▶ **ACTION ITEM**
Directions for the data below: repeat exactly the lines from the one with "Caroline's Treasures BB8613CNL" through the one with "Figure 2: Price", both included, and omit all pictures.

▶ **EXERCISE DATA**
************

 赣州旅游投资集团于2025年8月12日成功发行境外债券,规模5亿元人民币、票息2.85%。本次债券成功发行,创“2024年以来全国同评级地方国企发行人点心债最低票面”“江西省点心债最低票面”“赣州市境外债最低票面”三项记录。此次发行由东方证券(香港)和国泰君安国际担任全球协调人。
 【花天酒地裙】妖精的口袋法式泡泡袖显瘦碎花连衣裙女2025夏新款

************

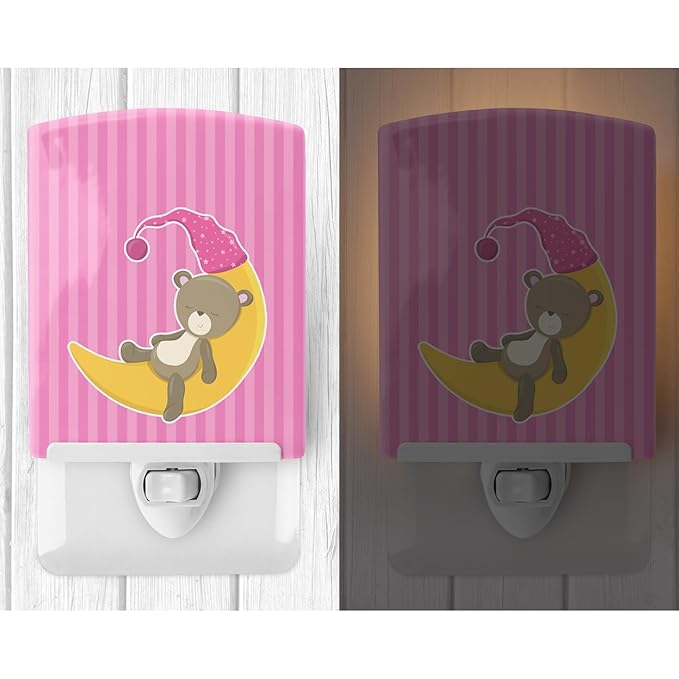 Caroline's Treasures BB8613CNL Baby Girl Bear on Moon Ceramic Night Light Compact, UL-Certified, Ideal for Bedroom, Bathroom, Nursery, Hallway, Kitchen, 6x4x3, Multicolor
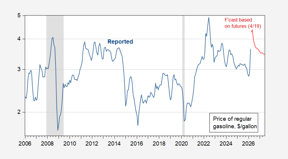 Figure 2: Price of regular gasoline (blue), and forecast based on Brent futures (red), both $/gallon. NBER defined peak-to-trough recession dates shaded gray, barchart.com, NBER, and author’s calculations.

************

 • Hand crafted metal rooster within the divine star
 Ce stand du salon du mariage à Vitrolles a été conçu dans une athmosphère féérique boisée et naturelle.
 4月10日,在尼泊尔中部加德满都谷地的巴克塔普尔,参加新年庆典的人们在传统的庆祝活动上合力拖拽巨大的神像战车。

************

▶ **WRITTEN REPLY**
 Caroline's Treasures BB8613CNL Baby Girl Bear on Moon Ceramic Night Light Compact, UL-Certified, Ideal for Bedroom, Bathroom, Nursery, Hallway, Kitchen, 6x4x3, Multicolor
 Figure 2: Price of regular gasoline (blue), and forecast based on Brent futures (red), both $/gallon. NBER defined peak-to-trough recession dates shaded gray, barchart.com, NBER, and author’s calculations.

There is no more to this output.